The INF setup program will now run under Windows. Although Windows Installer runs, it will not actually install anything, just create some files. Accept all of the confirmations. The program will then fill your new INFInst folder with about 8 new folders, one per chipset, plus several new O/S-specific folders under each. Within the O/S folders will be the needed INF files.

(Note that for 875P chipsets, this creates some files with "865" names instead, but don't worry... somehow Windows still figures out yours is an 875.)

6. Insert a blank formatted floppy in A: 
(It is also possible to direct Windows to the correct HDD folder, but the Readme suggests a floppy; it works, and requires much less clicking and typing).

7. Now, open Explorer window(s) and navigate to the 
"C:\Asus\INFInst\ICH5" folder, since all Asus P4C800 series motherboards have versions of ICH5 chips. If you run Windows XP, now open the "XP" subfolder under this (if you use a different chipset or different O/S, open another appropriate folder\subfolder instead). 

Note:
- the Windows XP folder name is "XP", not "WinXP" as Readme says. 
- the ICH5 folder also supports ICH5R. 
- the same utility supports many other Intel chipsets besides ICH5/875P.

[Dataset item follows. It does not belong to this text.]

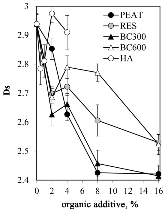 The behaviour of pore surface fractal dimensions of the studied silt–organic aggregates is shown in Figure 8. The most complicated, rough surface belongs to pores of HA-containing aggregates, for which the fractal dimension varies between 2.78 and 2.97. For low HA amendments, the fractal dimension initially decreases and then increases at higher HA loads. For the other organic substrates, the Ds value appears to decrease with the increase of the substrate dose. Similar findings were found by Sokolowska et al. [77], who noticed a substantial decrease in the peat–muck soil fractal dimension with the organic carbon content but increased with the amount of humic acids characterized by complex chemical composition and irregular structures. A decrease in fractal dimension and smoothening of pore surfaces can be due to the filling of the finest pores or the blockage of their entrances by small-sized organic particles [78].

8. Copy all files contained in that subfolder, onto A:\ at the root level. Typically about 9 files will be copied across, and no folders.

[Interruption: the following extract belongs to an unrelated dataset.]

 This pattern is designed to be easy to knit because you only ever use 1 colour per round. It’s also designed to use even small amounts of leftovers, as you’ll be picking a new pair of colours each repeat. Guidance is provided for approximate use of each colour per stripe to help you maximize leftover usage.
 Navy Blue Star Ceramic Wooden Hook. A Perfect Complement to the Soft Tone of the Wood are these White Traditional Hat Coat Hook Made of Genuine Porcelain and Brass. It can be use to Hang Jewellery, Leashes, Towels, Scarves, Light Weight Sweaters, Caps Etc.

9. Again close all open application programs (e.g. Explorer windows).

10. Click on Start- Settings- Control Panel- System- Hardware tab- Device Manager. 

11. Select View- "Devices by connection". 

12. Click on "ACPI Uniprocessor PC", "Standard PC", "Advanced Configuration and Power Interface (ACPI) PC", or whichever one of these PC type names is displayed above the PCI bus, in the tree for your given system. 

13. Under the PC item, click on "PCI bus" and click (+) to expand it and show the attached devices. 

14. You will now repeat several steps for as many of these chipset devices as you have, about 10 times through:

- PCI Standard Host CPU Bridge
- PCI Standard ISA Bridge
- PCI Standard PCI-to-PCI Bridge
- Standard Dual Channel PCI IDE Controller
- Standard Enhanced PCI to USB Host Controller 
- Standard Universal PCI to USB Host Controller (up to 4 of these)
- SM Bus Controller

Work your way down the above list, Right-clicking on each instance of each device (this line will become selected). Note that the "SM Bus" device may be marked in (?) yellow as unknown, but you should still select it.

For instance, the first time through, Right-click on "PCI Standard Host CPU Bridge", then continue to step 14.

When no more Standard PCI devices remain, skip to step 24.


15. Choose "Update Driver" from the device pull-down menu. 

16. Windows XP will launch the Upgrade Device Driver Wizard. 

17. Make sure the floppy containing the Windows XP INF files you copied, is in the floppy drive. 

18. Choose "Install the software automatically", which tells the wizard to search the floppy drive.

19. Click on "Next". The floppy will be accessed. Then you will see "Please wait while the Wizard searches..." 

At this point, either the correct driver for your device will be located, or, if you have already installed a similar device, you may see "The wizard could not find a better match for your hardware than the software you currently have installed." Either way, you still need to perform this step on the device, to end up with the correct settings. But you should not get serious errors here, such as could not locate a driver, unless you have targeted a non-chipset device.

20. Click on "Finish".

21. If the system now prompts you to Restart, always click "No", 
because you will restart later.

22. You are now returned to the Device Manager tree.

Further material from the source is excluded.